- **Task directions**
Return the data word for word. Pictures are to be omitted.
════
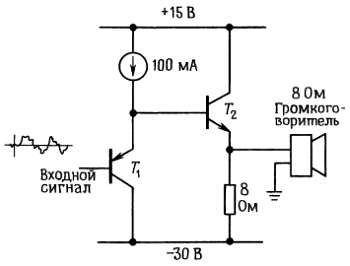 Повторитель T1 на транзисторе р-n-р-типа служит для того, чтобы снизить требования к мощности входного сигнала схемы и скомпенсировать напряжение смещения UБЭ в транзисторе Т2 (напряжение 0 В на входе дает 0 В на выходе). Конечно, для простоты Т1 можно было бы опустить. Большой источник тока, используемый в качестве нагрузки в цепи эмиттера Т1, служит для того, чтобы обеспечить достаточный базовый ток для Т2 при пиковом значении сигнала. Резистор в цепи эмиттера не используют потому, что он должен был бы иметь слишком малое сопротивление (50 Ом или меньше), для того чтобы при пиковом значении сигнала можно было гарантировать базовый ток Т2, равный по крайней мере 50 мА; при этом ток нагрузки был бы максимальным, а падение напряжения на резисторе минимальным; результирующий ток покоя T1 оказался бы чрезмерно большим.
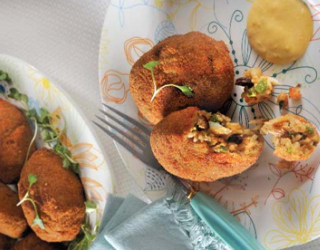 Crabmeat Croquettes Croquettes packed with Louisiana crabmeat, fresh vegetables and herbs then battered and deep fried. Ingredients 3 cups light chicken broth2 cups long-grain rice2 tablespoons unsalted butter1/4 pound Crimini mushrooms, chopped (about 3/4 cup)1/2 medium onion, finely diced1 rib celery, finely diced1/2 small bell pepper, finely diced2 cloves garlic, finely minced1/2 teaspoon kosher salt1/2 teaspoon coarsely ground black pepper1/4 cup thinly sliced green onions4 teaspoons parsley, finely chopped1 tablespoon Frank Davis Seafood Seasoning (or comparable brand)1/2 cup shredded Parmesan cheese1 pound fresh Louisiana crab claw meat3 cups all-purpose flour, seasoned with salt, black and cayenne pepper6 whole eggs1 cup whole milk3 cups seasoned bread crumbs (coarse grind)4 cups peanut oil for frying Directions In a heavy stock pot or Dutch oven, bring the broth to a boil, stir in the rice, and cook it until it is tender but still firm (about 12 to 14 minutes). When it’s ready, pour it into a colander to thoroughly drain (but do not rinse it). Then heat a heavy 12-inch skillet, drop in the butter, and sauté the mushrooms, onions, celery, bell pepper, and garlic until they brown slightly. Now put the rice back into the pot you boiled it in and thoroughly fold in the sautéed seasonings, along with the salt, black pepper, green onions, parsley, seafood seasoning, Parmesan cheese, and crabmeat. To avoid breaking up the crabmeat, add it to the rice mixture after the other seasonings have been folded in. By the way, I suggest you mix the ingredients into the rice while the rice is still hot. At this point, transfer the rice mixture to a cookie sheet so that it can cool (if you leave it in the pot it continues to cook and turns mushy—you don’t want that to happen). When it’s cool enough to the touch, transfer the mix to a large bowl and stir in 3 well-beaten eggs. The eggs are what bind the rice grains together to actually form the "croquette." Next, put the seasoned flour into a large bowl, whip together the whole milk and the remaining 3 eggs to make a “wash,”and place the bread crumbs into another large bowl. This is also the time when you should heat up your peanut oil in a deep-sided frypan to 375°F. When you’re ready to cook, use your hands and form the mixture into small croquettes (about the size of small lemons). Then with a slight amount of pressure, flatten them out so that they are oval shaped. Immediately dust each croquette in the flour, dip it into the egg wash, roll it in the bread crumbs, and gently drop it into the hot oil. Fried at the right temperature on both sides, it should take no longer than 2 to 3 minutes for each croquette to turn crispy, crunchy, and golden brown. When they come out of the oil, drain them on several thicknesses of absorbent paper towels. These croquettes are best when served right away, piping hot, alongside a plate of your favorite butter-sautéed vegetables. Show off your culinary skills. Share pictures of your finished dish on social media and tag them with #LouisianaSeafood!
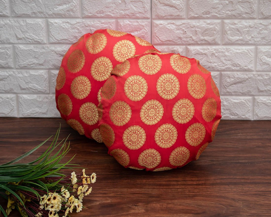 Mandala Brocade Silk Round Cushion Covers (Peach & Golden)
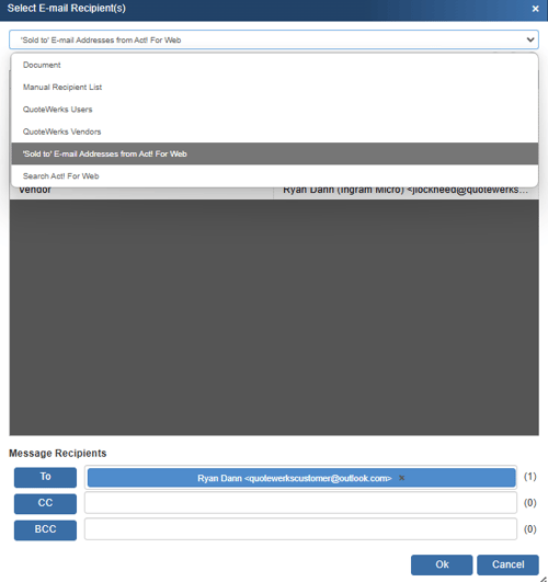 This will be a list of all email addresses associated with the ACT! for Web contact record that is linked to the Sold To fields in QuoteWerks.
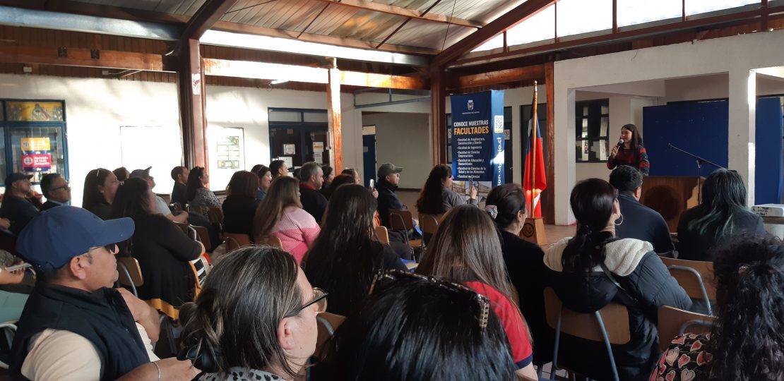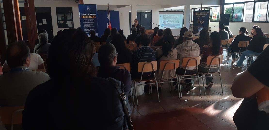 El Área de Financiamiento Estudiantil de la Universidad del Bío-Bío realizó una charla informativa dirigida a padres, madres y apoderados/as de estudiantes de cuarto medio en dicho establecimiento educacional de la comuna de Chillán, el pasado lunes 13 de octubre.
════
- **The completed task**
 Повторитель T1 на транзисторе р-n-р-типа служит для того, чтобы снизить требования к мощности входного сигнала схемы и скомпенсировать напряжение смещения UБЭ в транзисторе Т2 (напряжение 0 В на входе дает 0 В на выходе). Конечно, для простоты Т1 можно было бы опустить. Большой источник тока, используемый в качестве нагрузки в цепи эмиттера Т1, служит для того, чтобы обеспечить достаточный базовый ток для Т2 при пиковом значении сигнала. Резистор в цепи эмиттера не используют потому, что он должен был бы иметь слишком малое сопротивление (50 Ом или меньше), для того чтобы при пиковом значении сигнала можно было гарантировать базовый ток Т2, равный по крайней мере 50 мА; при этом ток нагрузки был бы максимальным, а падение напряжения на резисторе минимальным; результирующий ток покоя T1 оказался бы чрезмерно большим.
 Crabmeat Croquettes Croquettes packed with Louisiana crabmeat, fresh vegetables and herbs then battered and deep fried. Ingredients 3 cups light chicken broth2 cups long-grain rice2 tablespoons unsalted butter1/4 pound Crimini mushrooms, chopped (about 3/4 cup)1/2 medium onion, finely diced1 rib celery, finely diced1/2 small bell pepper, finely diced2 cloves garlic, finely minced1/2 teaspoon kosher salt1/2 teaspoon coarsely ground black pepper1/4 cup thinly sliced green onions4 teaspoons parsley, finely chopped1 tablespoon Frank Davis Seafood Seasoning (or comparable brand)1/2 cup shredded Parmesan cheese1 pound fresh Louisiana crab claw meat3 cups all-purpose flour, seasoned with salt, black and cayenne pepper6 whole eggs1 cup whole milk3 cups seasoned bread crumbs (coarse grind)4 cups peanut oil for frying Directions In a heavy stock pot or Dutch oven, bring the broth to a boil, stir in the rice, and cook it until it is tender but still firm (about 12 to 14 minutes). When it’s ready, pour it into a colander to thoroughly drain (but do not rinse it). Then heat a heavy 12-inch skillet, drop in the butter, and sauté the mushrooms, onions, celery, bell pepper, and garlic until they brown slightly. Now put the rice back into the pot you boiled it in and thoroughly fold in the sautéed seasonings, along with the salt, black pepper, green onions, parsley, seafood seasoning, Parmesan cheese, and crabmeat. To avoid breaking up the crabmeat, add it to the rice mixture after the other seasonings have been folded in. By the way, I suggest you mix the ingredients into the rice while the rice is still hot. At this point, transfer the rice mixture to a cookie sheet so that it can cool (if you leave it in the pot it continues to cook and turns mushy—you don’t want that to happen). When it’s cool enough to the touch, transfer the mix to a large bowl and stir in 3 well-beaten eggs. The eggs are what bind the rice grains together to actually form the "croquette." Next, put the seasoned flour into a large bowl, whip together the whole milk and the remaining 3 eggs to make a “wash,”and place the bread crumbs into another large bowl. This is also the time when you should heat up your peanut oil in a deep-sided frypan to 375°F. When you’re ready to cook, use your hands and form the mixture into small croquettes (about the size of small lemons). Then with a slight amount of pressure, flatten them out so that they are oval shaped. Immediately dust each croquette in the flour, dip it into the egg wash, roll it in the bread crumbs, and gently drop it into the hot oil. Fried at the right temperature on both sides, it should take no longer than 2 to 3 minutes for each croquette to turn crispy, crunchy, and golden brown. When they come out of the oil, drain them on several thicknesses of absorbent paper towels. These croquettes are best when served right away, piping hot, alongside a plate of your favorite butter-sautéed vegetables. Show off your culinary skills. Share pictures of your finished dish on social media and tag them with #LouisianaSeafood!
 Mandala Brocade Silk Round Cushion Covers (Peach & Golden)
 This will be a list of all email addresses associated with the ACT! for Web contact record that is linked to the Sold To fields in QuoteWerks.
 El Área de Financiamiento Estudiantil de la Universidad del Bío-Bío realizó una charla informativa dirigida a padres, madres y apoderados/as de estudiantes de cuarto medio en dicho establecimiento educacional de la comuna de Chillán, el pasado lunes 13 de octubre.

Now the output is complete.